Мать говорила, всегда вздыхая как-то особенно, может с печалью, а может и вспоминая о чем-то своем. Мать говорила всегда с пониманием явственным, но и взглядывая так, будто бы ему неведомо еще очень многое, неведомо нечто очень важное, определяющее. Мать говорила, вздыхая всегда, но он не хотел ей верить. Он хотел верить учителям, газетам и книгам.
— У вас свет еще в очках розовых!
Мать говорит эти слова так, словно ему еще неведомы большие препятствия, препятствия, на ее взгляд непреодолимые. Что ж, препятствия большие могут быть, и они даже должны быть. В этом она, конечно, права, но суть ведь, как раз, и не в этом! Суть-то совершенно в другом: может для кого-то эти неведомые пока огромные препятствия и непреодолимы, но только не для него! Ведь он — это он, каких больше нет. Нет, и быть не может, и нет в мире того, что ему не по силам.
Мать всякий раз избегала какой-то конкретики. Она только говорила неизменно с печалью особой и пониманием, слушая его мечты:
— У вас у всех свет в очках еще розовых!
Мать избегала всякой конкретики потому, что иногда и ни к чему разъяснять, иногда в жизни есть то, что нужно просто познать и пережить. И даже, даже в самом конце:
— Учись, сынок… и дерзай! — говорила она напоследок, словно и впрямь сдавшись под напором этой его непоколебимой веры в себя.
— В добрый путь! — говорила она в самом конце даже уважи-тельно и уже как бы в поддержку, видя такую его непреодолимую убежденность. — В жизни надо, надо стремиться.
Игнат не верил матери, когда она говорила о «розовых очках», но именно этот цвет вдохновляющий лежит частенько в основе наших первоначальных жизненных устремлений. Мы появляемся на свет в большинстве своем с преобладающим розовым цветом, что влечет, побуждает и манит, что уходит, порой, не спеша, словно балуя, подготовив к грядущим большим переменам, но! — но иногда и обрывом фронтальным, повергая в растерянность, страх и даже отчаяние.

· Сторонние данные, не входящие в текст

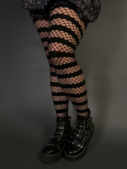 Horizontal Stripe Fishnet Tights by Pamela Mann Made in Italy

Именно розовый цвет лежит в основе наших изначальных жизненных устремлений, зачастую ошибочных. Ошибочных в том широком смысле, что лежат они как бы вне нашей судьбы, то есть вне той главной основообразующей стержневой линии, во имя которой мы и посланы в жизнь. Вглядись только пристально, и ты увидишь вначале свои мечтания, помыслы юные, которые так и остались вдали. Ты увидишь этапы, когда слишком много решалось, когда ты мечтал и хотел, чтобы вышло вот так, но сложилось в итоге совсем по-другому. И теперь ты ведь можешь сказать почему, теперь ты увидишь причины, так как ряд неразрыв-ный, вся цепочка ушедших в «миры-параллели» событий теперь у тебя на виду.
Ты спросишь… к чему?
Мечталось вот так, а сложилось вот этак. Мечталось, стремился… зачем?
Ушло в никуда?… значит, было и зря?
Но стоп, приглядись, приглядись лишь внимательней, и ты увидишь в судьбе своей личной отражение главное этого Мира, в неохвате вселенском которого так много лишь кажется «зря»…
Глава вторая После каникул
Игнат частенько говорил с Лебединским Андреем о великих ученых-физиках и их выдающихся, поворотных в истории науки открытиях, и одно обстоятельство тот выделял всякий раз неизменно: память, феноменальная память! Андрей утверждал однозначно, что у всех великих физиков прошлого обязательно была феноменальная профессиональная память; более того, говорил он об этом всегда так, словно для выдающихся научных открытий феноменальная память была обстоятельством важнейшим и даже незаменимым. И точно так же, как некогда впервые в «сокровенном» их разговоре, он порой прибавлял о себе с прежней и как бы уже устоявшейся грустью:
— А вот у меня нет, и я гляжу трезво. Конечно, в принципе, у меня неплохая память, но… ничего выдающегося. Допустим, прочитав внимательно страницу книжную, я не перескажу наизусть ее сходу, слово в слово. И ничего, ничего тут не поделаешь, коли так уж дано от природы. Улучшить слегка, обострить специальным тренингом механическую память можно, но… никак не выше своей планки. Надо! — надо знать ее трезво, свою реальную планку по жизни.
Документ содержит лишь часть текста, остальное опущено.